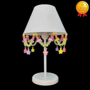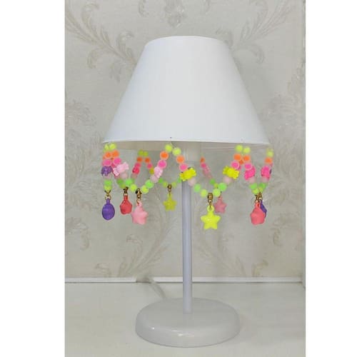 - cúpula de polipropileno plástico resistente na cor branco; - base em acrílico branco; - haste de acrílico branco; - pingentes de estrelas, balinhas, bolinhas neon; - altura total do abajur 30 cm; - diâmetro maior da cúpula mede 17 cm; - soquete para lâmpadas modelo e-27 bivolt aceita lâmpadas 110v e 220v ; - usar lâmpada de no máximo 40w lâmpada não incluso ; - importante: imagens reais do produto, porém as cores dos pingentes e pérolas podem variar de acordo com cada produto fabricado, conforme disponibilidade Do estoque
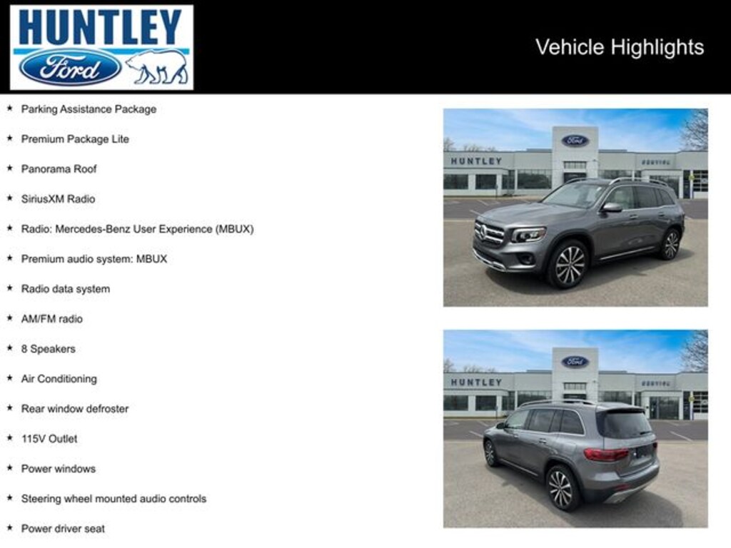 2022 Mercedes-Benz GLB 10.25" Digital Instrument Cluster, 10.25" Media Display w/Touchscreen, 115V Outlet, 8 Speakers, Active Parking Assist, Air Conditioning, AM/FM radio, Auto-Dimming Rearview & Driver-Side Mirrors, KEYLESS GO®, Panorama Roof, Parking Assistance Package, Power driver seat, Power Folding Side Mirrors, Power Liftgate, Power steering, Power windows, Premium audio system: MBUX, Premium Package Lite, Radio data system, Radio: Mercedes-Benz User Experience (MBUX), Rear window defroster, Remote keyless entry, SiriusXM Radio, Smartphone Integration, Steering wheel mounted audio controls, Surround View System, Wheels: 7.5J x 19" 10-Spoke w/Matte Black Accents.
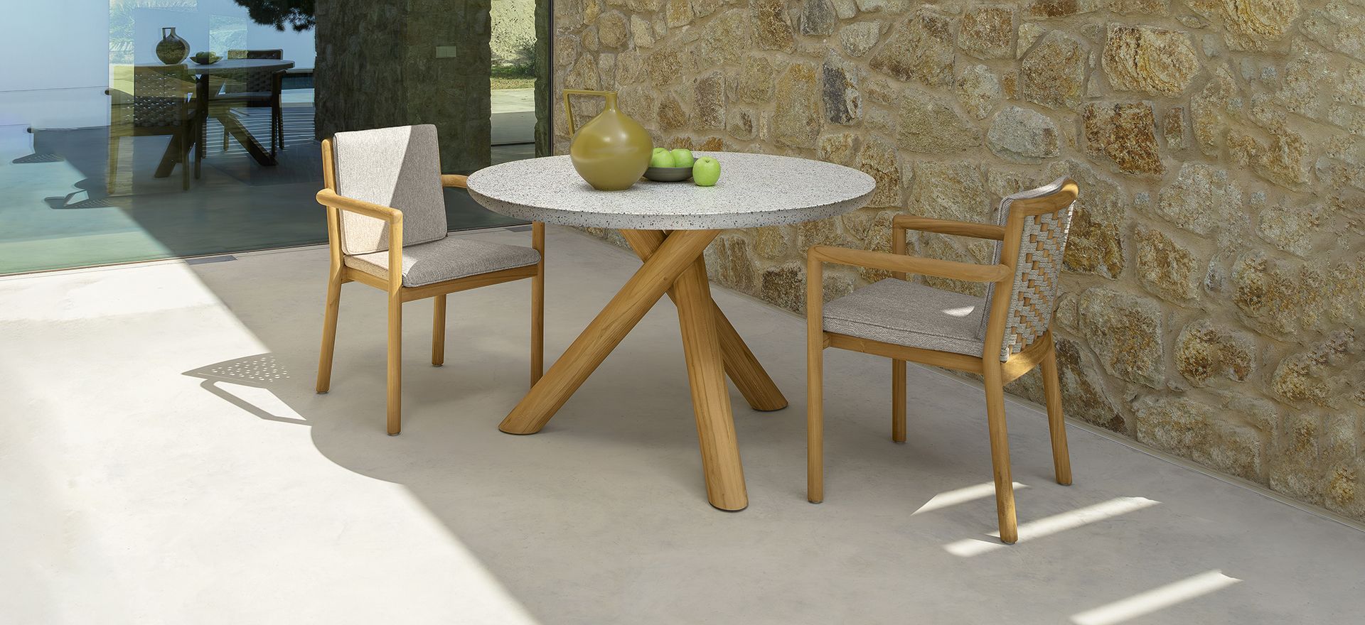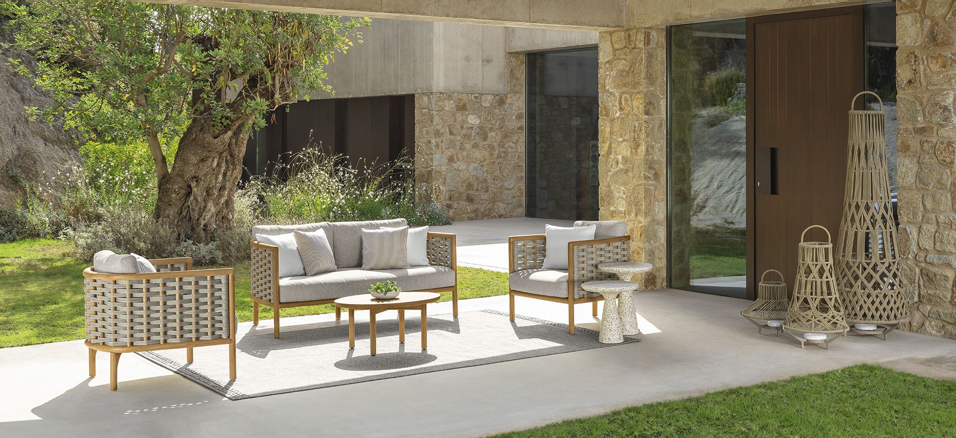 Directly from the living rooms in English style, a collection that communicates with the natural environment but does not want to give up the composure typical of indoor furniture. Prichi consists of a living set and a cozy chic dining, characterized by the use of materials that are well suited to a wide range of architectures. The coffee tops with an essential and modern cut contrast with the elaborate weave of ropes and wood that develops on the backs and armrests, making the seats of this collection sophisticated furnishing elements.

---

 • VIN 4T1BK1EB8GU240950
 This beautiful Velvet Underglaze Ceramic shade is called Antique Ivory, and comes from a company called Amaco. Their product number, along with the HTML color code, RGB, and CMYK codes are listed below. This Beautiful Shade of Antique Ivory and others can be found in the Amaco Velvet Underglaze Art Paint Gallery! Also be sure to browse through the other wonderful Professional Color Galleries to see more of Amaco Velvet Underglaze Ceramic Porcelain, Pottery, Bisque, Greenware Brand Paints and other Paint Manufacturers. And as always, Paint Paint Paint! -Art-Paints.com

What is expected => The reply should hold exactly the lines above, starting at the line with "2022 Mercedes-Benz GLB" and ending at the line with "Directly from the", and no pictures.

Expected output =>
 2022 Mercedes-Benz GLB 10.25" Digital Instrument Cluster, 10.25" Media Display w/Touchscreen, 115V Outlet, 8 Speakers, Active Parking Assist, Air Conditioning, AM/FM radio, Auto-Dimming Rearview & Driver-Side Mirrors, KEYLESS GO®, Panorama Roof, Parking Assistance Package, Power driver seat, Power Folding Side Mirrors, Power Liftgate, Power steering, Power windows, Premium audio system: MBUX, Premium Package Lite, Radio data system, Radio: Mercedes-Benz User Experience (MBUX), Rear window defroster, Remote keyless entry, SiriusXM Radio, Smartphone Integration, Steering wheel mounted audio controls, Surround View System, Wheels: 7.5J x 19" 10-Spoke w/Matte Black Accents.
 Directly from the living rooms in English style, a collection that communicates with the natural environment but does not want to give up the composure typical of indoor furniture. Prichi consists of a living set and a cozy chic dining, characterized by the use of materials that are well suited to a wide range of architectures. The coffee tops with an essential and modern cut contrast with the elaborate weave of ropes and wood that develops on the backs and armrests, making the seats of this collection sophisticated furnishing elements.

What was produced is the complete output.